I have fallen into the agreeable habit over Christmas of overdosing, so to speak, on some particular sort of classical music.  I vividly remember the Barenboim Beethoven Piano Sonatas Christmas, my first with a CD player.

I don’t decide about these musical binges.  Something triggers them, and they happen.  I find myself listening to a Mahler symphony, say, or a Mozart piano concerto, and then to another, and another, and the pattern is set, without me ever having decided in one go.

But why the concentration on one type of music.  Why not mere fun?  Why not variety?  Well, Christmas is the perfect time for me actually to listen to all my CDs, as opposed to wandering about London buying more of the things. Buying CDs, mostly for bargain basement prices, is a quite distinct pleasure to listening to them, I find, just as I imagine buying shoes to be a quite distinct pleasure for my lady friends to the mere wearing of shoes.  But at Christmas, many regular purchasing spots are closed in unpredictable ways.  The weather is liable to be cold and the pavements are liable to be crowded. Transport is uncertain.  The demands projected into one’s home life by the telephone or by email fall silent.  No.  Far better to stay snugly in doors and cultivate the soul by really getting to know some music that one would otherwise, year after year, merely possess.

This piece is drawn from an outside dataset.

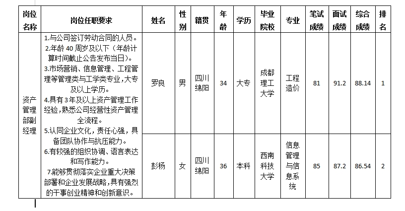 根據(jù)綿陽(yáng)市綿投商業(yè)運(yùn)營(yíng)管理有限責(zé)任公司發(fā)布的競(jìng)聘公告及競(jìng)聘相關(guān)規(guī)定,經(jīng)筆試、面試等程序,現(xiàn)將筆試(面試)成績(jī)予以公示。
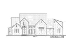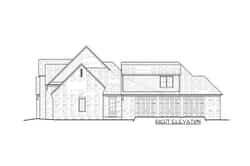 The roof pitch is steep on the primary roof (12:12) and gentler on secondary sections (4:12) which gives an interesting roofscape. The side-entry 3-car garage keeps the front facade cleaner and gives more flexibility for landscaping out front.

This year, prompted by the BBC Radio 3 Bach Christmas I have been listening, over and over again, in among being ill, to Bach’s 48 Prelude’s and Fugues, otherwise known as the Well Tempered Clavier.

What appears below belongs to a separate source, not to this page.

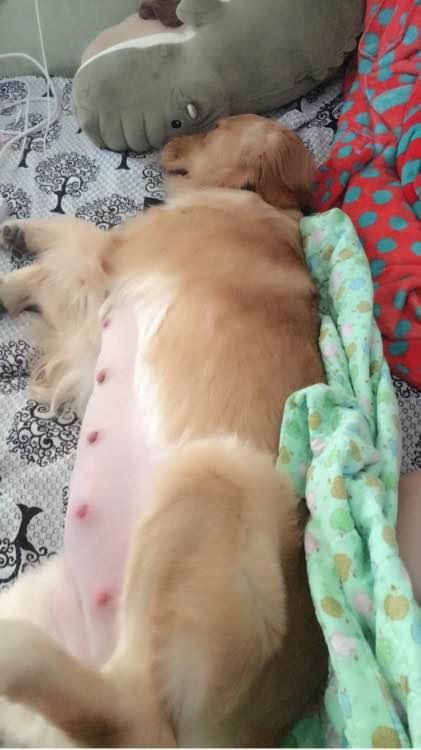 因为怀孕期间可能补得太好了,加上我家金毛不爱运动,所以预产期眼看就过了还是没有生产,等了一周还是没有结果,只是出来一点血泡,家人们也不放心就送到医院,医生检查后说狗宝宝胎位不正,需要剖腹产,我们当即就答应了~
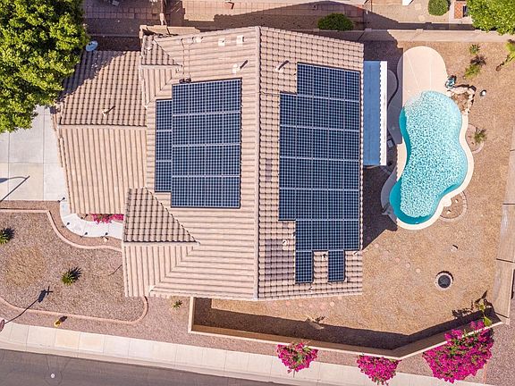 This meticulously maintained home is ready for its next owners! This home is outfitted with a 14.5 KW OWNED SOLAR PANEL SYSTEM. Save on your electric bill. Past electric bills available for your review. Upon entering the home you are greeted by an open floor plan with 18'' tile. To the left is a formal dining area with entry to the kitchen and a living area is to the right. Just ahead is an enclosed office (could be used as a 5th bedroom if needed). Also ahead is entry to the kitchen & great room which overlooks the pool. The kitchen is nicely updated with Quartz counter tops, tile back splash, espresso cabinets, walk in pantry & stainless steel appliances.

The thing that settled me on this particular overdose was writing a piece about Bach and God for Samizdata.  There is nothing like writing something to cause one immediately then to start wondering whether it was true, wise, profound, etc., or not, so Bach remained on my mind.  But Radio 3, with its self-imposed task of playing everything Bach ever composed, was serving up a deal too much singing for my taste.  I don’t mind the religion in Bach, despite what I may have implied (but actually did not say at all), in my Samizdata piece, but I do not care for the average classical music singing performance.  I like only a few baritones and tenors, and prefer light sopranos to the squally matrons who, too often for my taste, do the soprano – and especially contralto – singing.  So, I was set on listening to Bach, but needed to reach for CDs.

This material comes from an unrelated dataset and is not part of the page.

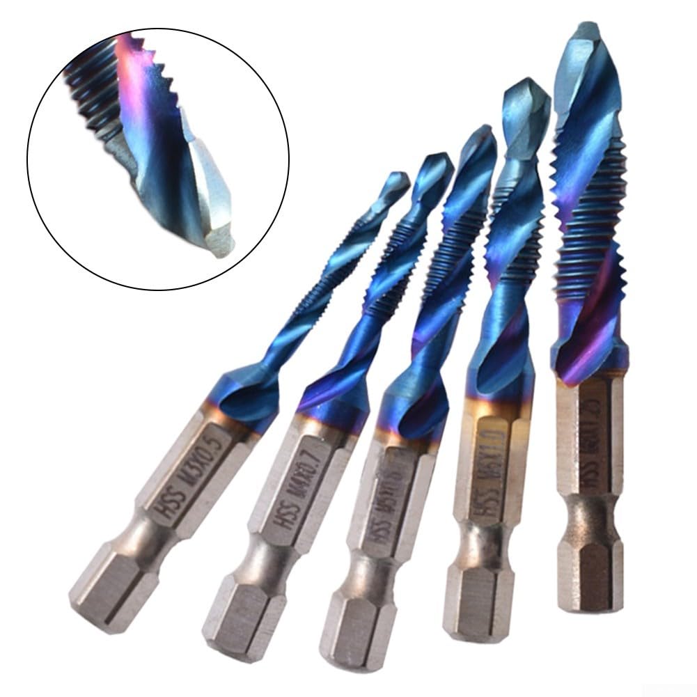 Product description Features:*Sturdy Material:Made of high-speed steel(HSS), these drill tap bits are highly sturdy and resistant to rust, a longer lifespan.*Multiple Sizes Included:This set includes a total of 5 drill taps in different sizes ranging from for M3 to M8, allowing you to tap various thread sizes according to your needs.*Spiral Flutes Design:The taps are designed with spiral flutes, which enhances the chip cleaning process, resulting in smoother and more efficient tapping.*Drilling and Tapping Combined:These drill tap bits have both drilling and tapping functions, enabling you to drill a hole and cut new threads simultaneously, saving both labor and time.* for versatile Applications:Suitable for drilling, tapping, and cutting on soft metals, aluminum plates, iron, and other similar materials, making them for versatile tools for various projects.Specifications:*Product Name:Drill Tap Bits Set*Material:High speed steel(HSS)*Size:Approx. for M3, M-four, M5, M6, M8*Total length:About 67-70 mm*Bit length:About 5-10 mm*Shank Diameter:About 1/4-inch/6.35 mm*Color:Blue*Application:For drilling, tapping, cutting on soft metal, aluminum plate, iron and more.Package Content:5* Drill Bits Manufacturer Contact Information no

A notable - and notably controversial - CD issue this year has been the Daniel Barenboim (yes, him again) set of the Bach 48.  I enjoyed these greatly the first time around in the summer and autumn.  So, when choosing which CDs to take with me, together with my DAB radio/CD player, on my brief trip to my mum’s home for the actual few days of Christmas, I chose these Barenboim discs.  I also chose a few discs of Bach unaccompanied violin playing - Perlman’s complete set, and the equally excellent Hilary Hahn single Bach solo disc – but ended up not listening to these.  And by way of contrast to Barenboim, I chose the complete set of the 48 by Glenn Gould, which also became available this year in a super-bargain pack.

Now I am back in my own snuggery, and I am continuing to listen to the 48.  Right now, I have Edwin Fischer‘s much admired and pioneering set, made in 1934, on my CD player.  I have also, during the last two ill days, sampled some of the set done by Sviatoslav Richter, for me and for many others the king of all the pianists, which was issued some years ago by Olympia, and which I assume to be the same (July 1970, Salzburg) as this one.  Also on the menu will be a recently purchased Decca set of the 48 by Andras Schiff.  And since all of the above mentioned sets are played on the piano, I will also listen, I expect, to a harpsichord set, to see what kind of a difference that makes, probably the one by Kenneth Gilbert, but maybe Davitt Moroney.  Other pianists in the heap now include Tatiana Nikolayeva, Bernard Roberts, Friedrich Gulda and Jeno Jando.  For someone who doesn’t know this music, I sure own a lot of it, don’t I?  Weird, I know, but that’s how it is.  Like I say, purchasing CD bargains is a pleasure quite distinct from actually listening to them.

And I really do not know this music.  Hardly at all.

The most odd part of the experience of listening to this music is how completely new each piece sounds, in the various different hands of the different musicians involved.  A few notable tunes stand out in the memory and are recognisable, but again and again, I find myself listening to pieces which I have already heard five or six times in the last few days, yet as if listening to something entirely knew.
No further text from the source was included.